When my friend Thal got married, I was the only single gal in attendance. This is by no means an exaggeration; it's the absolute truth.
All of the other attendees were already married or engaged. I, however, had just suffered a devastating break-up a couple months before and marriage was the furthest thing from my mind. It never crossed my mind that this would be a problem for anyone, until I took to the dance floor during the reception with a bunch of the married male guests.

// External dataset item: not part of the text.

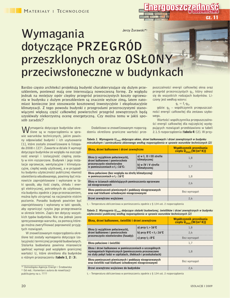 MATERIAŁY I Energooszczędność w budownictwie TE C H N O L O G I E cz. 11 Wymagania dotyczące PRZEGRÓD przeszklonych oraz OSŁONY przeciwsłoneczne w budynkach Jerzy Żurawski*) Bardzo często architekci projektują budynki charakteryzujące się dużym przeszkleniem, ponieważ mają one interesującą nowoczesną formę. Ze względu jednak na mniejszy opór cieplny przegród przezroczystych koszty ogrzewania w budynku z dużym przeszkleniem są znacznie wyższe zimą, latem natomiast konieczne jest stosowanie kosztownej inwestycyjnie i eksploatacyjnie klimatyzacji. Z tego powodu budynki z przegrodami przezroczystymi stanowiącymi większą część całkowitej powierzchni przegród zewnętrznych będą uzyskiwały niekorzystną ocenę energetyczną. Czy można temu w jakiś sposób zaradzić? W ymagania dotyczące budynków określone są w rozporządzeniu w sprawie warunków technicznych, jakim powinny odpowiadać budynki i ich usytuowanie [1], które zostało znowelizowane 6 listopada 2008 r. [2]1). Zawarte w dziale X wymogi dotyczące budynków ze względu na oszczędność energii i izolacyjność cieplną zostały w nim rozszerzone. Budynek i jego instalacje ogrzewcze, wentylacyjne i klimatyzacyjne, ciepłej wody użytkowej, a w przypadku budynku użyteczności publicznej również oświetlenia wbudowanego, powinny być mianowicie zaprojektowane i wykonane w taki sposób, aby ilość ciepła, chłodu i energii elektrycznej, potrzebnych do użytkowania budynku zgodnie z jego przeznaczeniem, można było utrzymać na racjonalnie niskim poziomie. Ponadto budynek powinien być zaprojektowany i wykonany w taki sposób, aby ograniczyć ryzyko jego przegrzewania w okresie letnim. Zapis ten dotyczy wszystkich typów budynków. Nie ma jednak jasno sprecyzowanego warunku, za pomocą którego można zweryfikować poprawność przyjętych rozwiązań. W znowelizowanym rozporządzeniu określone też zostały wymagania dotyczące izolacyjności termicznej przegród budowlanych. Stolarka budowlana powinna mianowicie spełniać wymogi pod względem granicznej wartości U, które określono dla budynków o różnym przeznaczeniu (tabele 1, 2 i 3). *) Dolnośląska Agencja Energii i Środowiska Od red.: Komentarz autora do nowelizacji publikujemy na s. ???? 1) 20 Dodatkowo w znowelizowanym rozporządzeniu określono graniczne wartości prze- puszczalności energii całkowitej okna oraz przegród przezroczystych gC, który odnosi się do wszystkich rodzajach budynków. Liczony jest według wzoru: gc = fc·gG, gdzie: gG – współczynnik przepuszczalności energii całkowitej dla zestawu szybowego. Wartości współczynnika przepuszczalności energii całkowitej dla najczęściej występujących rozwiązań przedstawiono w tabeli 2.1.5 rozporządzenia (tabela 4) [2]. W przy- Tabela 1. Wymagania U(max) dotyczące okien, drzwi balkonowych i drzwi zewnętrznych w budynku mieszkalnym i zamieszkania zbiorowego według rozporządzenia w sprawie warunków technicznych [2] Okna, drzwi balkonowe i drzwi zewnętrzne Okna (z wyjątkiem połaciowych), drzwi balkonowe i powierzchnie przezroczyste nieotwieralne w pomieszczeniach o ti ≥ 16°C: Współczynnik przenikania ciepła U(max) [W/(m2·K)] a) w I, II i III strefie klimatycznej 1,8 b) w IV i V strefie klimatycznej 1,7 Okna połaciowe (bez względu na strefę klimatyczną) w pomieszczeniach o ti ≤ 16°C 1,8 Okna w ścianach oddzielających pomieszczenia ogrzewane od nieogrzewanych 2,6 Okna pomieszczeń piwnicznych i poddaszy nieogrzewanych oraz nad klatkami schodowymi nieogrzewanymi Bez wymagań 2,6 Drzwi zewnętrzne wejściowe ti – Temperatura obliczeniowa w pomieszczeniu zgodnie z § 134 ust. 2 rozporządzenia Tabela 2. Wymagania U(max) dotyczące stolarki budowlanej, świetlików i drzwi zewnętrznych w budynku użyteczności publicznej według rozporządzenia w sprawie warunków technicznych [2] Okna, drzwi balkonowe, świetliki i drzwi zewnętrzne Okna (z wyjątkiem połaciowych), drzwi balkonowe i powierzchnie przezroczyste nieotwieralne (fasady): Współczynnik przenikania ciepła U(max) [W/(m2·K)] 1,8 a) przy ti > 16°C 2,6 b) przy 8°C < ti ≤ 16°C c) przy ti ≤ 8°C Bez wymagań Okna połaciowe i świetliki 1,7 Okna i drzwi balkonowe w pomieszczeniach o szczególnych wymaganiach higienicznych (pomieszczenia przeznaczone na stały pobyt ludzi w szpitalach, żłobkach i przedszkolach) 1,8 Okna pomieszczeń piwnicznych i poddaszy nieogrzewanych oraz świetliki nad klatkami schodowymi nieogrzewanymi Bez wymagań Drzwi zewnętrzne wejściowe do budynków 2,6 ti – Temperatura obliczeniowa w pomieszczeniu zgodnie z § 134 ust. 2 rozporządzenia IZOLACJE I 2009 MATERIAŁY Tabela 3. Wymagania U(max) dotyczące okien, świetlików, drzwi i wrót w budynku produkcyjnym, magazynowym i gospodarczym według rozporządzenia w sprawie warunków technicznych [2] Współczynnik przenikania ciepła U(max) [W/(m2·K)] Okna, świetliki, drzwi i wrota Okna (z wyjątkiem połaciowych), drzwi balkonowe i powierzchnie przezroczyste nieotwieralne w pomieszczeniach o ti ≥ 16°C: a) w I, II i III strefie klimatycznej 1,9 b) w IV i V strefie klimatycznej 1,7 Okna połaciowe (bez względu na strefę klimatyczną) w pomieszczeniach o ti >16°C 1,8 Okna w ścianach oddzielających pomieszczenia ogrzewane od nieogrzewanych 2,6 Drzwi i wrota w przegrodach zewnętrznych 2,6 I TE C H N O L O G I E Partnerzy cyklu „Energooszczędność w budownictwie”: ti – Temperatura obliczeniowa w pomieszczeniu zgodnie z § 134 ust. 2 rozporządzenia Tabela 4. Wartości współczynnika przepuszczalności energii całkowitej dla rodzaju oszklenia Współczynnik gC przepuszczalności energii całkowitej Rodzaj oszklenia Pojedynczo szklone 0,85 Podwójnie szklone 0,75 Podwójnie szklone z powłoką selektywną 0,67 Potrójnie szklone 0,7 Potrójnie szklone z powłoką selektywną 0,5 Okna podwójne 0,75 Tabela 5. Wartości współczynnika korekcyjnego redukcji promieniowania ze

It should be noted that no one was dancing with each other, but just dancing in a mass they way people tend to do at weddings. But every time someone playfully swung me out and back into them, I caught the eye-rolling and judgmental scowls of the wives of these men and realized I was not exactly making any friends by trying to enjoy myself. As I watched them leaning over the tables to whisper into each other's ears with their eyes firmly fixated on me, I understood that some "mean girls" never grow up, and to them, I was either a threat or a tramp - or maybe both. In fact I was neither. I was simply a woman who was doing her best to laugh during her best friend's wedding, instead of crying over the recent event that had ripped my world apart.
I did my best to ignore them. I knew in my heart that I wasn't interested in any man at that wedding, even if any of them had been single. Since Chris (Thal's now-husband) works in finance, it's from that world where the majority of the male guests had come. I love Gordon Gekko, but on my television; not in my bed.
As the reception went on, and the lot of the wives and fiancées became tired, they headed upstairs to their respective hotel rooms. I, however, stayed downstairs with the guys to do shots and sing along to really bad 90s music. I wasn't tired, I wanted to drink too much and if those women wanted to pass judgment yet again for this choice of mine, then that was their problem. They were just flattering themselves to think that I'd be interested in any of their husbands.
Eventually the party moved to the hotel bar where we took over several tables and stayed until last call. There were about 15 of us remaining; I was one of the guys, and honestly, I don't think a single one of them saw me any differently than that.
Shortly after we had our final drinks we decided we wanted to go find some food. We stood in the lobby weighing our options for late night snacks when one of the wives came downstairs to see where her husband was. Of course, just like the rest of us, he was wobbling in place with glassy eyes, but I was shot a look from her as if I were the one to blame. Yes, it was I who got him and everyone else drunk. It was my fault; I did it, and had she not come down when she did I was going to try to have my way with every single one of them despite my aversion to pleated pants and loafers without socks.
After a quick reprimanding from this particular female guest, the last standing of the party hung their heads and followed each other, single file, into the elevator. I stood there -- sans buddies, sans food -- and went upstairs to watch bad TV.
I didn't make it to the goodbye brunch the next morning. I chose to stay in bed until my train left to come back to the city. Thal and Chris had already left for their honeymoon, and although I had fun the night before I knew, soberly, that it would be a lackluster situation in the light of day. I also knew that I didn't have it in me to dodge anymore stink-eyed looks from women I'd probably (hopefully) never see again.
I know that it's almost impossible to go through life without being occasionally judged for who you are when you're the odd person out in a room. I don't fault those women for their gossip or glares; perhaps I would have done the same thing had I been in their shoes. But I can't say for sure; I'm just not on the marriage train yet. Frankly, I think it missed my stop. So my message to you, mean girls, is to keep your judgment to yourselves. You might find yourself in my position one day.